Free Jam is a double-CD live album by trumpeter Mongezi Feza. It was recorded during November and December 1972, and was released in 2004 by Ayler Records. On the album, Feza is accompanied by members of the Bernt Rosengren quartet, featuring Rosengren and Tommy Koverhult on saxophone, Torbjörn Hultcrantz on bass, and Leif Wennerström on drums.

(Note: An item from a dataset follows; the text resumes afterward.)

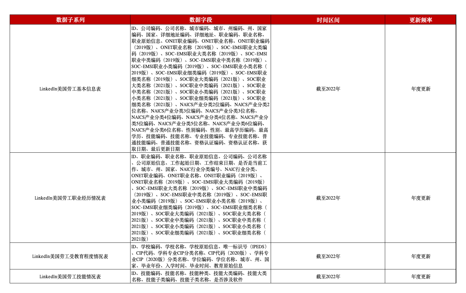 本平台数据团队推出LinkedIn美国劳工简历数据,主要包含在线互联网公开平台、互联网公开资料等多个来源,本数据采用了自然语言处理的方式进行了职位、行业等内容的标准化处理,含有劳工基本情况表、职业经理情况表、受教育程度情况表、技能情况表四个模块,包含公司、地址、职业、学历、技能、发布日期等字段。

The group is also joined by percussionist Okay Temiz.

==Reception==

In a review for AllMusic, Steve Loewy called the album "an extraordinary recording," and praised Feza's "ability to create astonishing solos at lightning speed in a largely unfettered environment." He wrote: "While the entire album is immersed in the so-called jazz avant-garde, Feza's melodic constructs are eminently listenable... Feza incorporates the advances of the 1960s and immerses himself in ecstatic blowing, with an appealingly upbeat confidence... The results are at once invigorating and thrilling... this is a critical document of both adventurous Swedish jazz, and the incredible playing of Mongezi Feza."

The authors of The Penguin Guide to Jazz Recordings described the album as "an unstructured rehearsal session involving musicians whose common ground is probably more hindrance than help," but noted that "almost anything that survives of Mongezi Feza is worth preserving."

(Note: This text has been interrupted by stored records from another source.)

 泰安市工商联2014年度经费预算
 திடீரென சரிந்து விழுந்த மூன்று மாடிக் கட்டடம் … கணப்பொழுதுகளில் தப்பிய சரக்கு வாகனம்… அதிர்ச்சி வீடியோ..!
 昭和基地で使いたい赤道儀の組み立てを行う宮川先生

Critic Tom Hull stated: "at last the South African trumpeter... gets something in the catalog under his own name... this is very free, loose, and noisy, typical of the anarchic avant-garde that flowered in Europe in the early '70s, which means that it depends on its own energy and good cheer to succeed -- which it delivers."

Andrey Henkin of All About Jazz commented: "The tight flow of Rosengren's saxophones against Feza exclamations, propelled along by a band that probably never heard such sounds in their life..., makes this a valuable document."

Writing for Paris Transatlantic, Dan Warburton remarked: "here are 119 minutes of furious free form jamming, and if you thought jamming was synonymous with noodling or just tooling about, think again... Feza is in his element... but Rosengren and Koverhult aren't content to play second fiddle to their visiting guest. One might regret not being able to hear the group tackle a more structured composition, but when the music flows as freely as this, it seems churlish to complain."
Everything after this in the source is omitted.